Eddie’s Epilogue
Eddie’s Epilogue
One day, without warning, you’ll stop mid-step and realize: This is who I am now.
Not the man who ran from his own hunger. Not the one who kept love at arm’s length, convinced it would undo him. Not even the one who thought he could survive on silence and routine, pretending need was a weakness he could bury.
No. You’ll look around and know the truth: you didn’t starve. You didn’t burn. You didn’t break beyond repair. You loved—and you survived it.
We look back not just to grieve, but to honor the wreckage we crawled through to get here.
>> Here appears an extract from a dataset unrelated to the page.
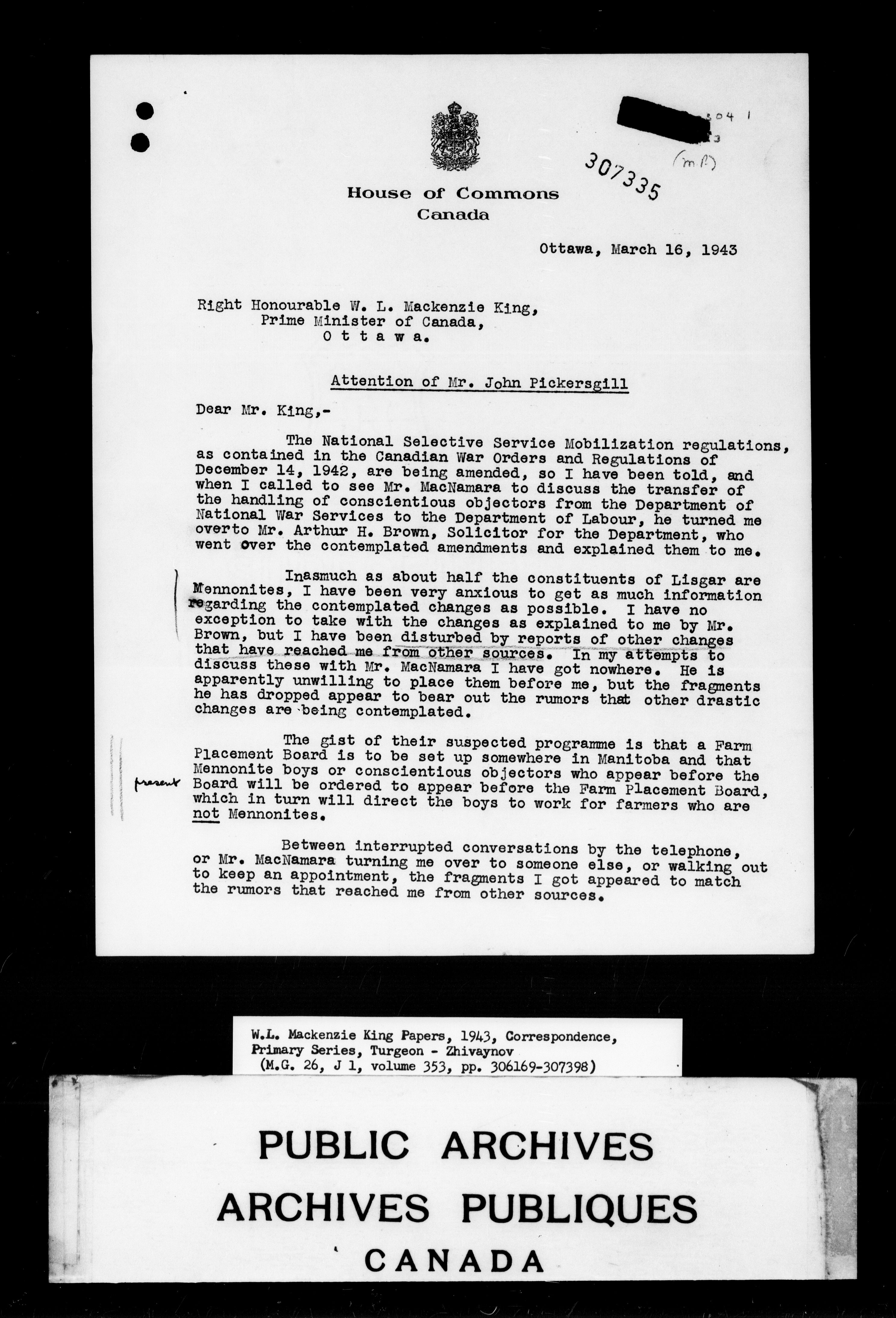 William Lyon Mackenzie King : Primary series correspondence (J1) - 7047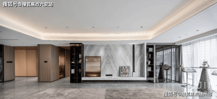 客厅在多重材质的组合下,顺畅融汇 秩序井然素雅的基调来自比例的精准把控和色彩的考究搭配,克制之间彰显出游刃有余的平衡之道!电视背景墙利用石材自身纹理,将水光潋滟的迷人景象引入室内,沙发后方的展示柜高低错落线条置于其上,玻璃和金属交融出迷濛光影!

I look back at the years I wasted—nights filled with ghosts, with regrets cut deep enough to carve my ribs open—and I see how badly I mistook punishment for protection.
How I convinced myself that craving both of them made me reckless, wrong, undeserving.
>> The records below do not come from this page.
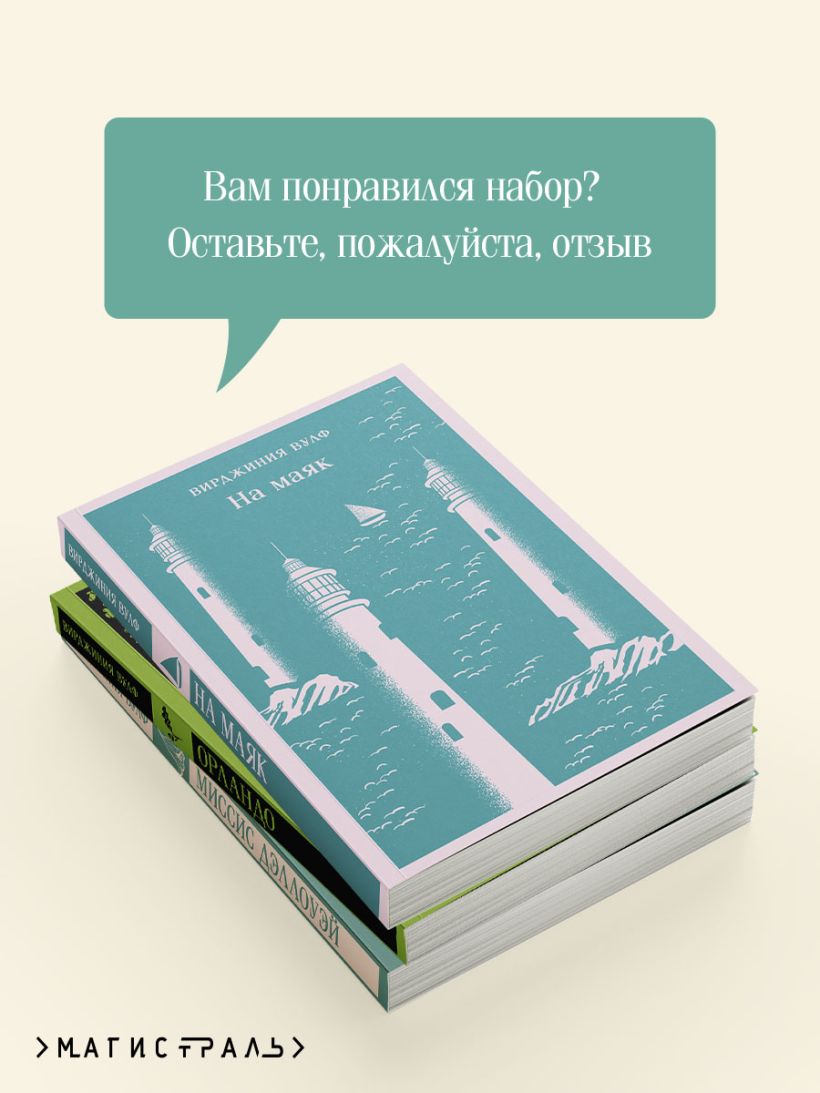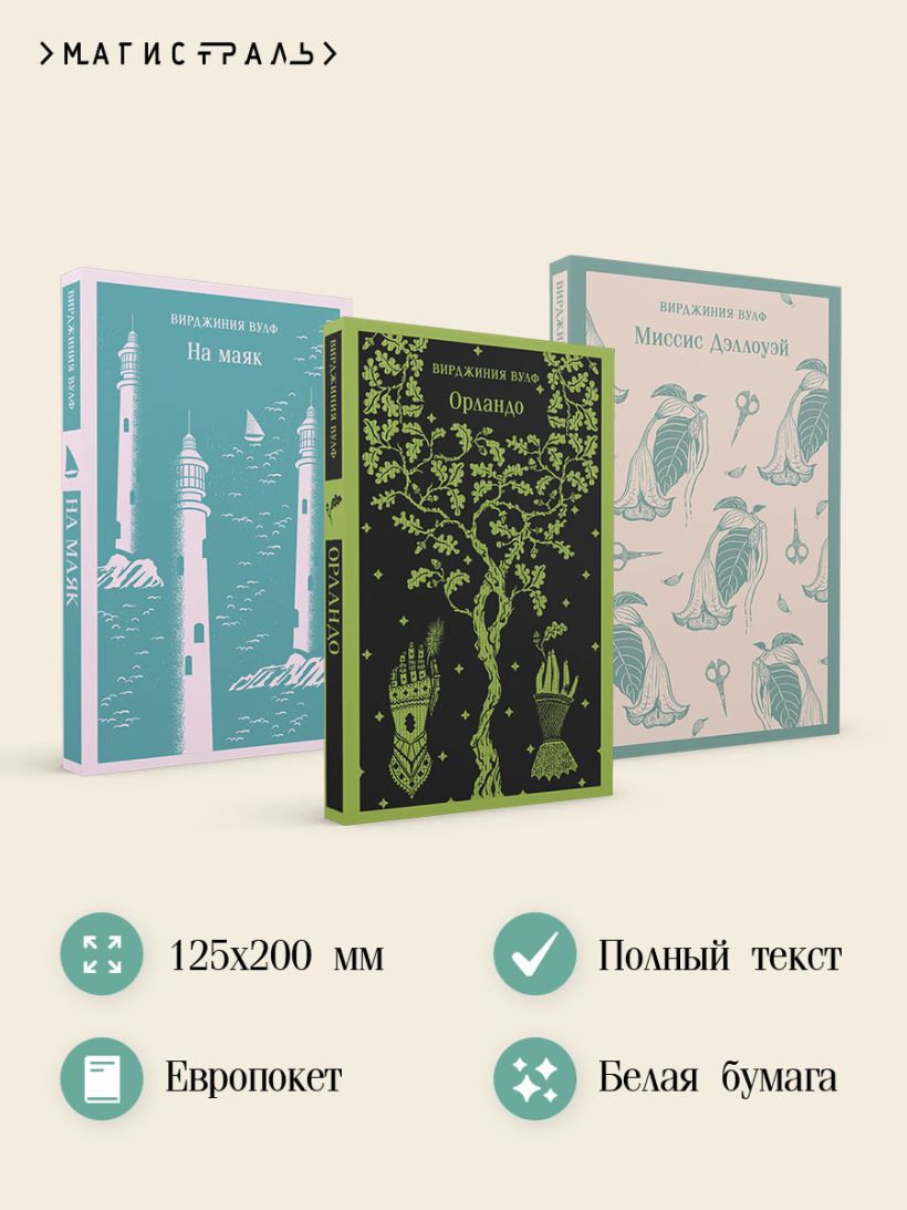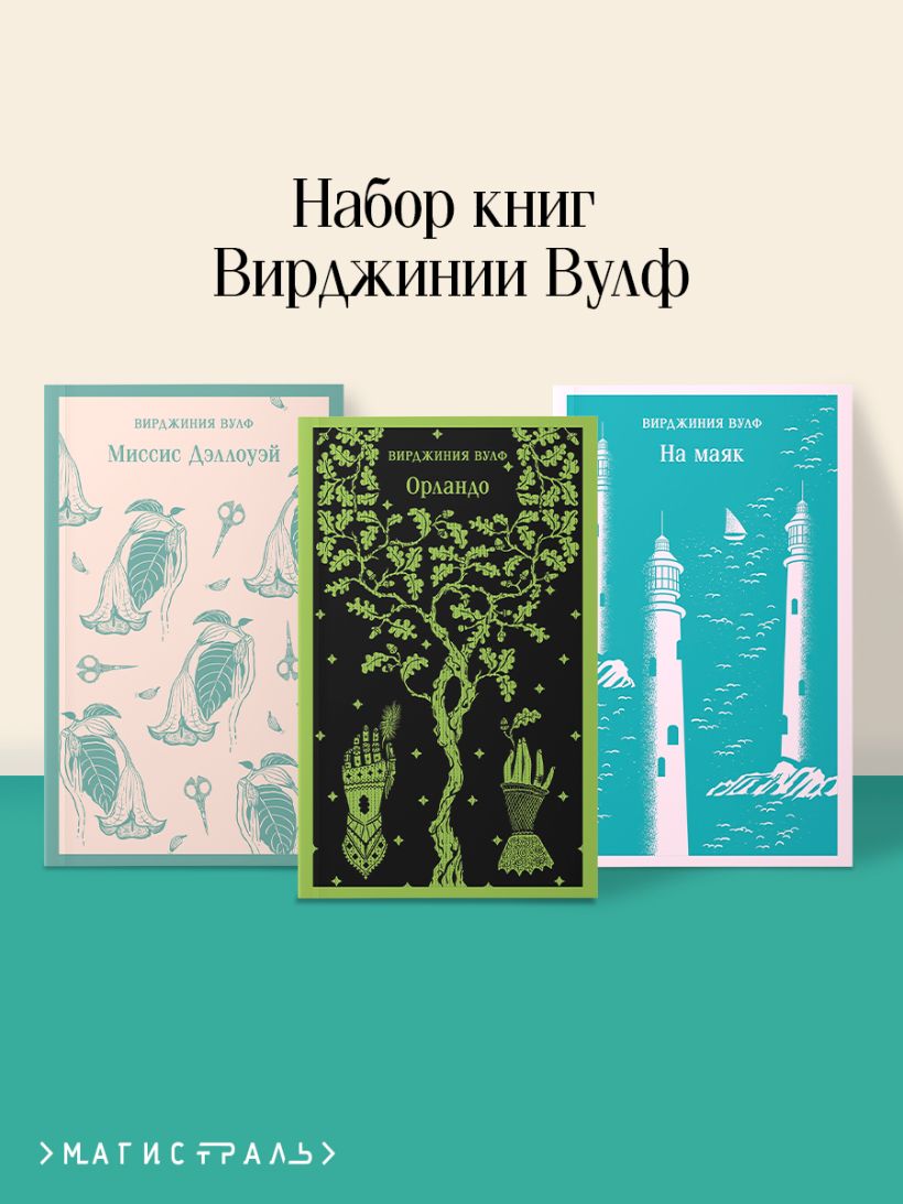 В комплект входят 3 книги Вирджинии Вулф: «Миссис Дэллоуэй», «На маяк» и «Орландо».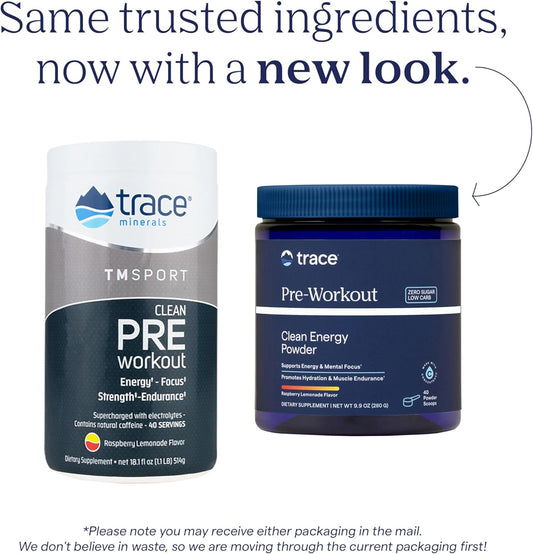 TMSPORT Series Raspberry Lemonade Pre Workout Supplement | Energy & Strength Booster with Trace Minerals | No Artificial Color | 18.1 oz, 40 Servings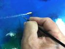 Nach ein paar Tagen Durchtrocknen wurde dann die erste Schicht hochglänzender Klarlack aufgetragen. Nach leichtem Antrocknen wurde die nächste Schicht wieder „stippelnd“ aufgebracht, um einen leichten Kräuseleffekt auf der Wasseroberfläche zu erzielen. Nach dem Durchtrocknen und -härten der ersten beiden Klarlackschichten kam dann die dritte und letzte Schicht drauf.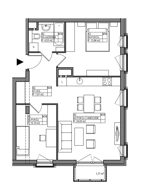 Składa się z następujących pomieszczeń: salon z aneksem kuchennym (24 m²) sypialnia (13,84 m²) sypialnia (10,10 m²) łazienka z wc (4,53 m²) korytarz z dużą szafą (ok. 7,81 m²)

But the body doesn’t lie. Hunger doesn’t forgive. It waited until I had no choice but to face it—until Cleo walked back into my orbit, changed but still luminous, and Barret stood there with his eyes on mine, daring me not to remember how it felt to belong to him too.
And I didn’t run.
Now it’s been months since Dorian died in that cell. An accident, they called it, though no accident erases what he did. Cleo doesn’t whisper anymore when she says she’s healing. Barret doesn’t hide the way he looks at me. I don’t hide either.
Nights stretch differently now. Not with silence, but with laughter—Cleo’s soft, B’s low, mine finally unguarded. The house is full in a way I never believed possible, in a way that answers the ache I once mistook for something dangerous.
The truth is, I wanted it all. Her gentleness and his fire. Her resilience and his defiance. I wanted what we built in the wreckage of our fears. And now—I have it. Not perfectly. Not without scars. But fully.
So when I stop mid-step these days, when that familiar thought creeps in—How did I become this version of myself?—I don’t look away.
I know the answer.
I became this because I stopped running. Because I said yes. Because love, in the end, wasn’t the fire that destroyed me. It was the home I had been reaching for all along.
The house is quiet tonight, Lake Washington stretched like black glass beyond the windows.
From the sound system in the next room, one of Barret’s unfinished tracks drifts through the house—searching, a melody still finding its shape.
It seeps into the walls like a pulse, threading through everything, reminding me of who we’ve been and who we’re still becoming.
Cleo’s laughter carries from the kitchen, brighter than it used to be, no longer tentative. Barret’s voice follows, low and warm, and together they make something that sounds almost like music itself.
I lean in the doorway and watch them. Cleo perched on the counter, stealing fruit with that playful grin, Barret pretending to scold her while cutting more just so she can win again.
She catches me watching, her smile softening, and when Barret turns, his eyes hold the same welcome.
They don’t need to call me over—I already belong.
She stretches her hand out, Barret shifts, and I step into the space between them.
Her lips brush my cheek, but before I can turn toward her, Barret leans in.
His mouth finds mine—firm, certain, tasting faintly of the strawberries he’d just cut for her—and the kiss steals the air from my lungs.
Cleo’s fingers curl into mine, tethering the three of us together.
When Barret pulls back, I turn and find Cleo’s mouth. The kiss is softer, lingering, filled with all the things we thought we’d lost but somehow carried back to each other. Barret stays close, his hand at the small of my back, holding us in the same breath.
I’m not sure if dinner is ready, but maybe we’ll eat each other first, like we often do—because hunger has more than one meaning here—before settling down at the table. A meal. A home. A future that doesn’t scare me anymore.
The music drifts through the house, blending with Cleo’s quiet laugh as she leans into both of us, and I realize this is the harmony I’d been reaching for all along. The ache that once hollowed me out has finally found its sound.